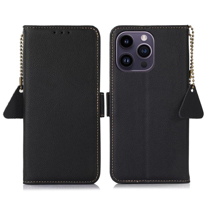 - Estojo de couro tipo carteira com camada de bloqueio de RFID para iPhone 16 Pro Max
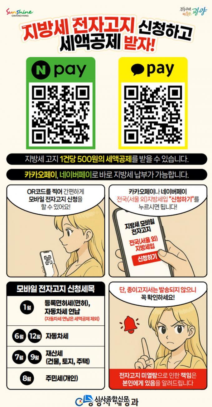 ±¤¾ç½Ã´Â À̹ø ¸ð¹ÙÀÏ ÀüÀÚ°íÁö È®´ë ½ÃÇàÀ» ÅëÇØ Á¾ÀÌ °íÁö¼ ¹ß¼Û¿¡ µû¸¥ ¿¹»ê Àý°¨Àº ¹°·Ð, ³³¼¼ÀÚÀÇ ÆíÀǼº°ú Áö¹æ¼¼ ü³³·ü °¨¼Ò¿¡µµ ±àÁ¤ÀûÀÎ È¿°ú°¡ ÀÖÀ» °ÍÀ¸·Î ±â´ëÇϰí ÀÖ´Ù.
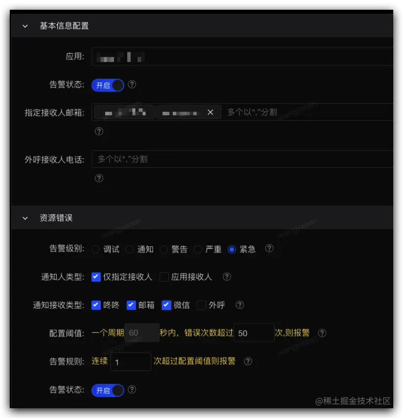 自定义告警是监控业务指标的最佳手段,页面提交失败,函数进入catch逻辑,等都可以通过自定义监控进行告警设置。
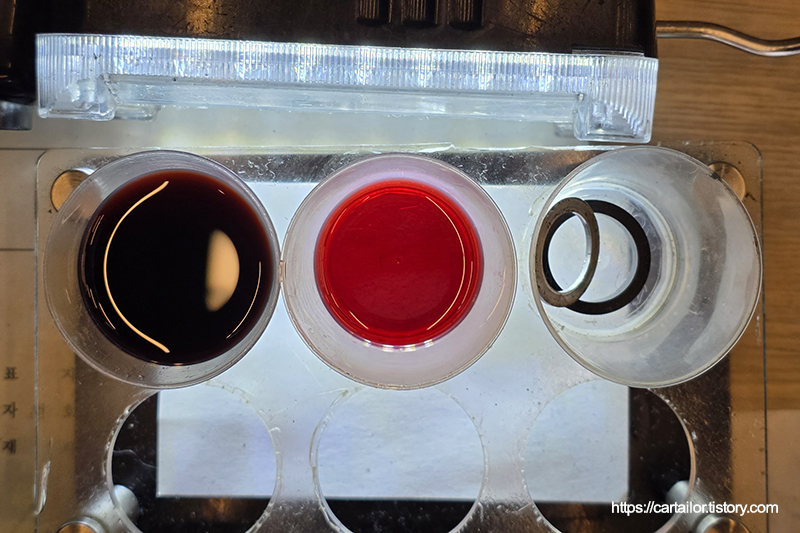 좌측부터 기존 사용유, 레벨링 시 배출된 오일 그리고 교체된 소모품들입니다. 레벨링 시 나온 미션오일이 현재 차량의 변속기 오일 상태로 보시면 되겠습니다.
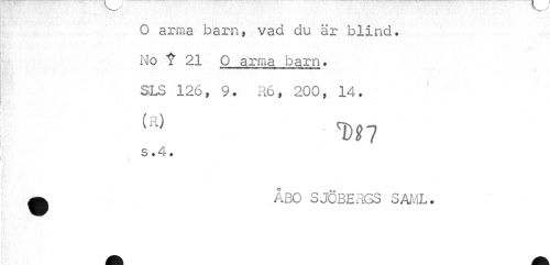 //// O arma barn, vad du är blind. //// No ¥ 21 Q arma barn. //// . i //// SLS 126, 9. R6, 200, 14. //// (R) Df7 //// S.4. //// ^ ÅBO SJÖBERGS SAML. ////
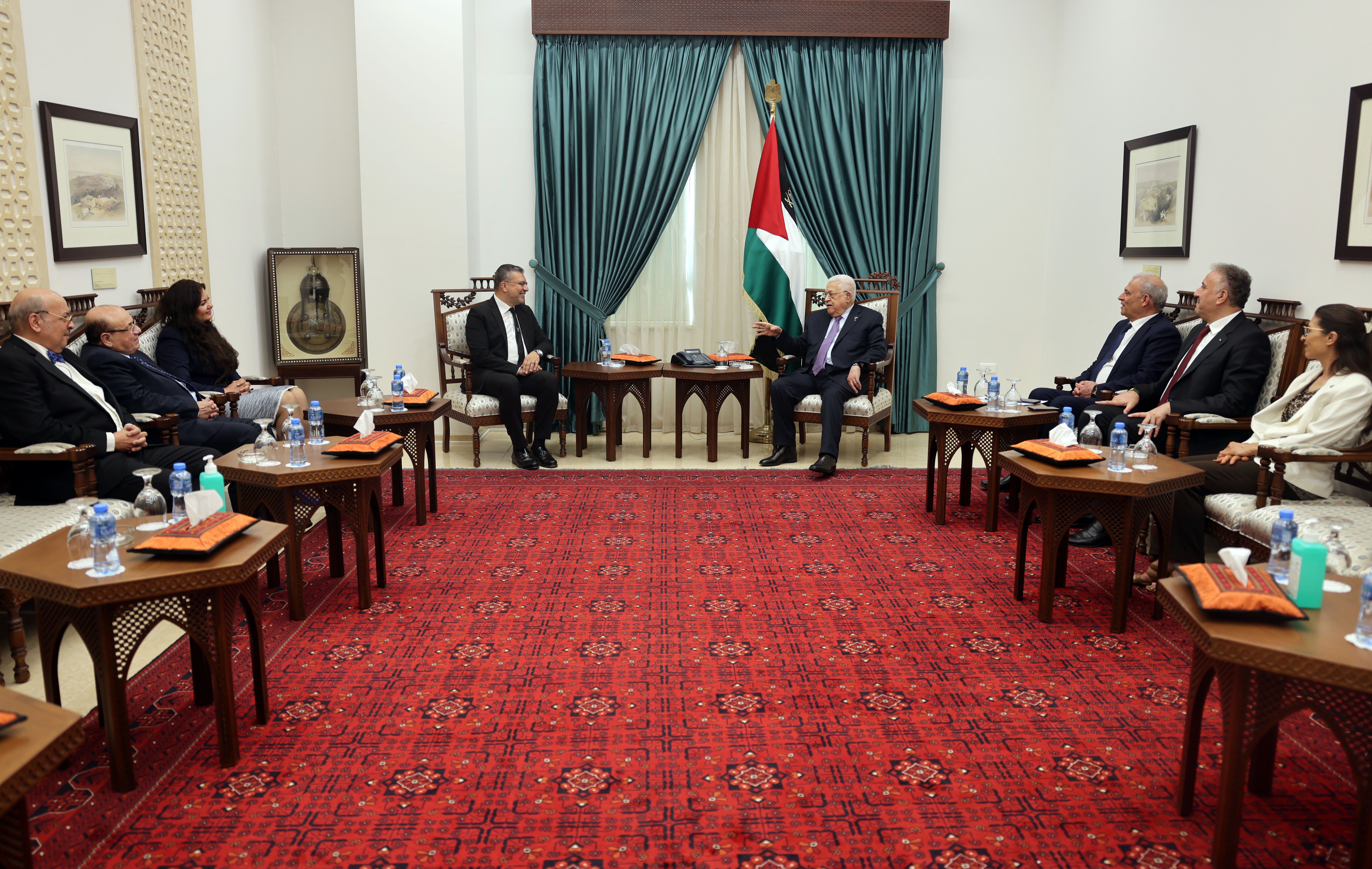 رام الله 7-6-2023 وفا- استقبل رئيس دولة فلسطين محمود عباس، مساء اليوم الأربعاء، بمقر الرئاسة في مدينة رام الله، رئيس اتحاد إذاعات وتلفزيونات دول منظمة التعاون الإسلامي عمرو الليثي، والمخرج الكبير مجدي أبو عميره، ومدير التصوير عادل عبساوي، بحضور المشرف العام على الإعلام الرسمي الوزير أحمد عساف.
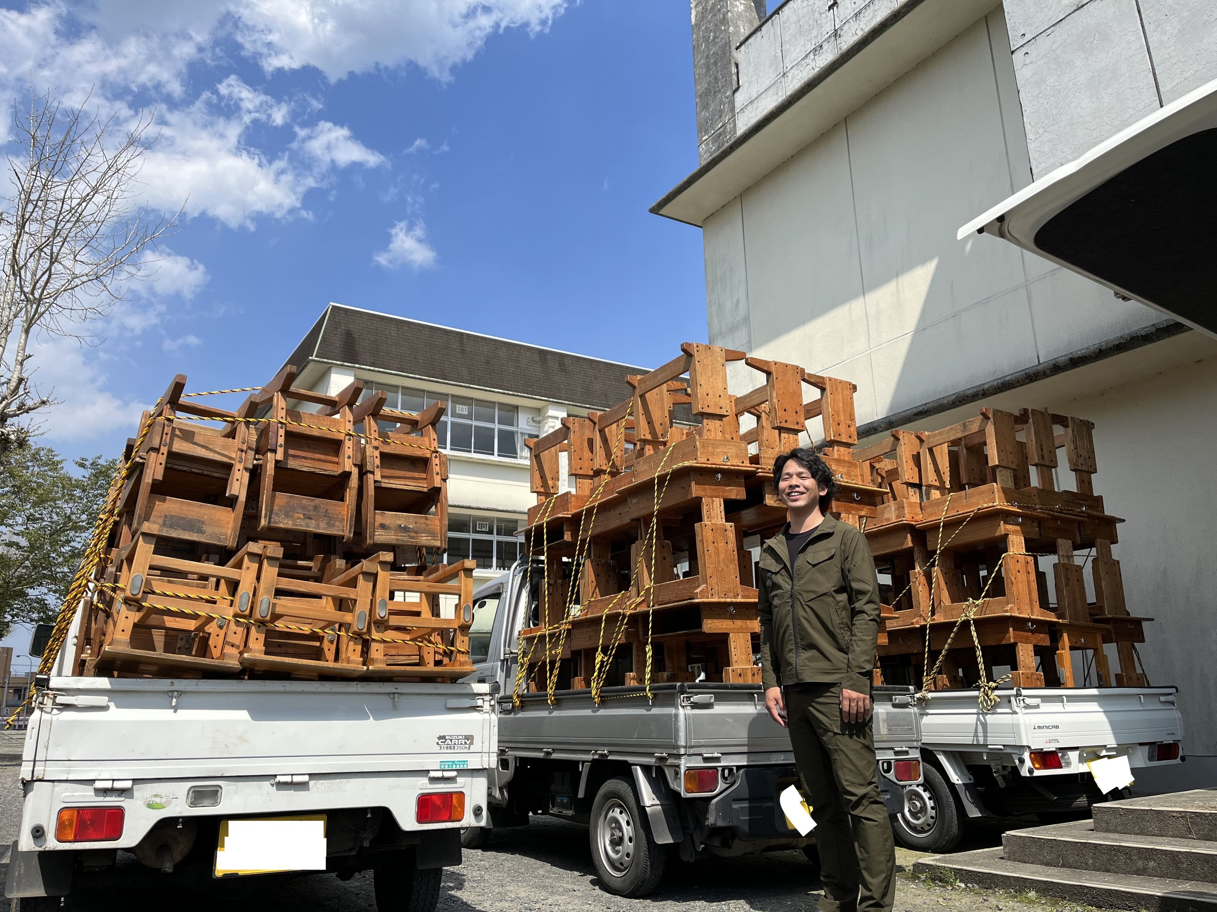 今回のプロジェクトでは、毎年一定数破棄されていた小学校の机と椅子を、廃棄する以外の活用方法はないかという株式会社久永様からのご相談をきっかけに、アップサイクルに先進的に取り組んでいる東串良町の山中醤油株式会社様のご協力をいただきながら、さまざまな分野の方々のアイディアを募集するに至りました。
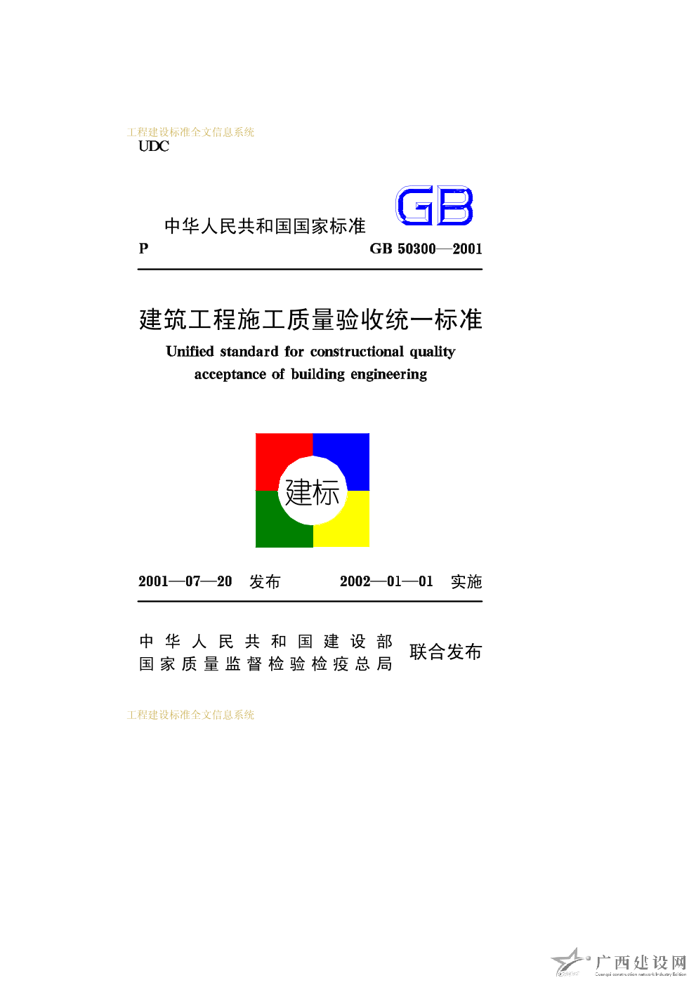 建筑工程施工質(zhì)量驗(yàn)收統(tǒng)一標(biāo)準(zhǔn) GB50300—2001
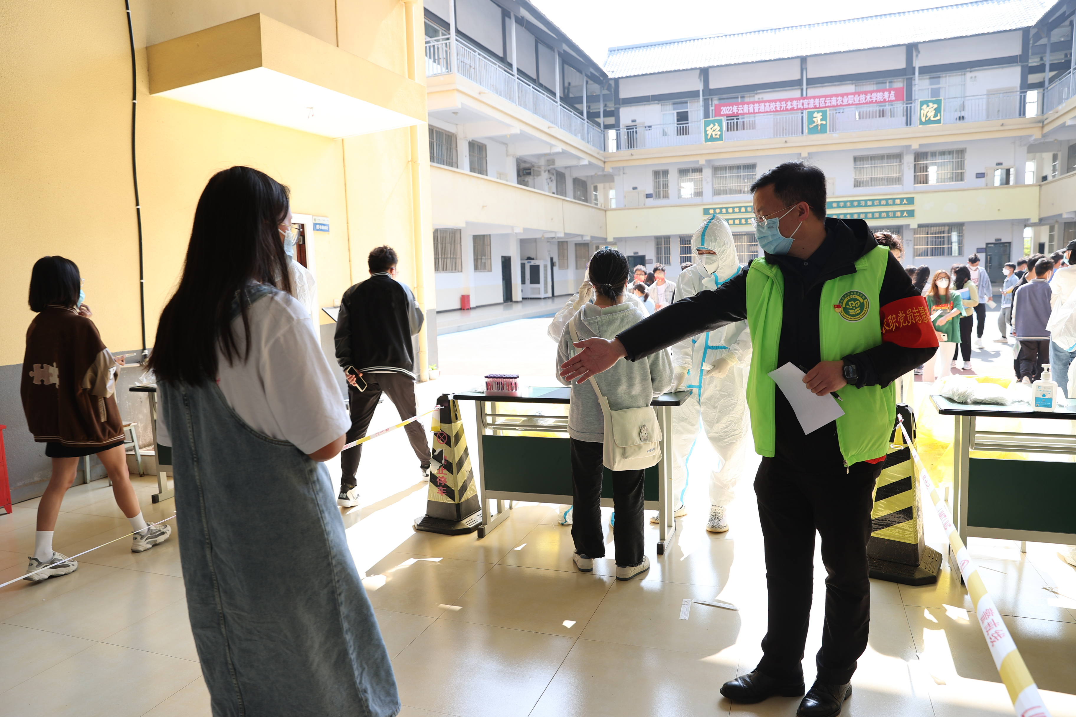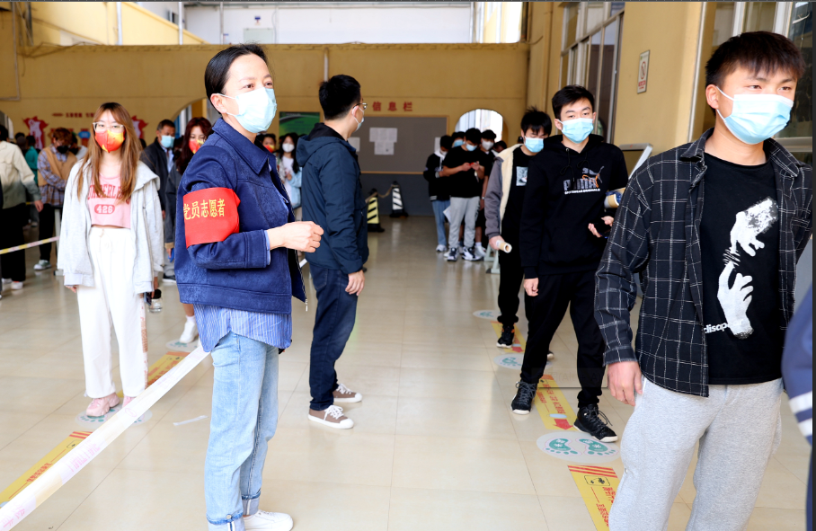 职能部门党总支的40余位党员积极响应学院党委开展的“站好党员先锋岗做好疫情防控领头人”志愿服务活动,自愿加入疫情防控队伍,参与疫情防控志愿服务,他们分工明确、各司其职,耐心疏导维持秩序,时刻提醒同学们保持一米间距,认真组织人员扫场所码、测温、登记、核酸检测,与医护人员并肩作战,保障着核酸采样工作顺利进行,助力学院圆满完成9000余人的大规模核酸检测采样任务。
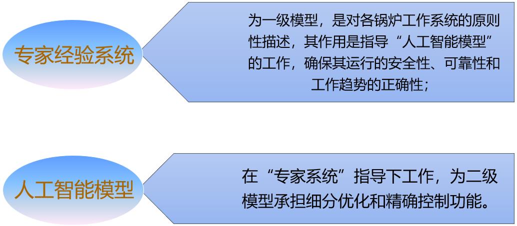 5 從模型應(yīng)用管理和應(yīng)用來說,“專家系統(tǒng)”和“人工智能模型”采用分級管理并具有不同分工:其中“專家系統(tǒng)”為一級模型,是對各工業(yè)系統(tǒng)的原則性描述,其作用是指導(dǎo)“人工智能模型”的工作,確保其運行的安全性、可靠性和工作趨勢的正確性;“人工智能模型”在“專家系統(tǒng)”指導(dǎo)下工作,為二級模型承擔(dān)細(xì)分優(yōu)化和控制功能。

*-*-*

__BRIEF__: If a record contains a picture, leave the picture out and return everything else exactly.

__WRITTEN RESPONSE__:
 - Estojo de couro tipo carteira com camada de bloqueio de RFID para iPhone 16 Pro Max
 ±¤¾ç½Ã´Â À̹ø ¸ð¹ÙÀÏ ÀüÀÚ°íÁö È®´ë ½ÃÇàÀ» ÅëÇØ Á¾ÀÌ °íÁö¼ ¹ß¼Û¿¡ µû¸¥ ¿¹»ê Àý°¨Àº ¹°·Ð, ³³¼¼ÀÚÀÇ ÆíÀǼº°ú Áö¹æ¼¼ ü³³·ü °¨¼Ò¿¡µµ ±àÁ¤ÀûÀÎ È¿°ú°¡ ÀÖÀ» °ÍÀ¸·Î ±â´ëÇϰí ÀÖ´Ù.
 自定义告警是监控业务指标的最佳手段,页面提交失败,函数进入catch逻辑,等都可以通过自定义监控进行告警设置。
 좌측부터 기존 사용유, 레벨링 시 배출된 오일 그리고 교체된 소모품들입니다. 레벨링 시 나온 미션오일이 현재 차량의 변속기 오일 상태로 보시면 되겠습니다.
 //// O arma barn, vad du är blind. //// No ¥ 21 Q arma barn. //// . i //// SLS 126, 9. R6, 200, 14. //// (R) Df7 //// S.4. //// ^ ÅBO SJÖBERGS SAML. ////
 رام الله 7-6-2023 وفا- استقبل رئيس دولة فلسطين محمود عباس، مساء اليوم الأربعاء، بمقر الرئاسة في مدينة رام الله، رئيس اتحاد إذاعات وتلفزيونات دول منظمة التعاون الإسلامي عمرو الليثي، والمخرج الكبير مجدي أبو عميره، ومدير التصوير عادل عبساوي، بحضور المشرف العام على الإعلام الرسمي الوزير أحمد عساف.
 今回のプロジェクトでは、毎年一定数破棄されていた小学校の机と椅子を、廃棄する以外の活用方法はないかという株式会社久永様からのご相談をきっかけに、アップサイクルに先進的に取り組んでいる東串良町の山中醤油株式会社様のご協力をいただきながら、さまざまな分野の方々のアイディアを募集するに至りました。
 建筑工程施工質(zhì)量驗(yàn)收統(tǒng)一標(biāo)準(zhǔn) GB50300—2001
 职能部门党总支的40余位党员积极响应学院党委开展的“站好党员先锋岗做好疫情防控领头人”志愿服务活动,自愿加入疫情防控队伍,参与疫情防控志愿服务,他们分工明确、各司其职,耐心疏导维持秩序,时刻提醒同学们保持一米间距,认真组织人员扫场所码、测温、登记、核酸检测,与医护人员并肩作战,保障着核酸采样工作顺利进行,助力学院圆满完成9000余人的大规模核酸检测采样任务。
 5 從模型應(yīng)用管理和應(yīng)用來說,“專家系統(tǒng)”和“人工智能模型”采用分級管理并具有不同分工:其中“專家系統(tǒng)”為一級模型,是對各工業(yè)系統(tǒng)的原則性描述,其作用是指導(dǎo)“人工智能模型”的工作,確保其運行的安全性、可靠性和工作趨勢的正確性;“人工智能模型”在“專家系統(tǒng)”指導(dǎo)下工作,為二級模型承擔(dān)細(xì)分優(yōu)化和控制功能。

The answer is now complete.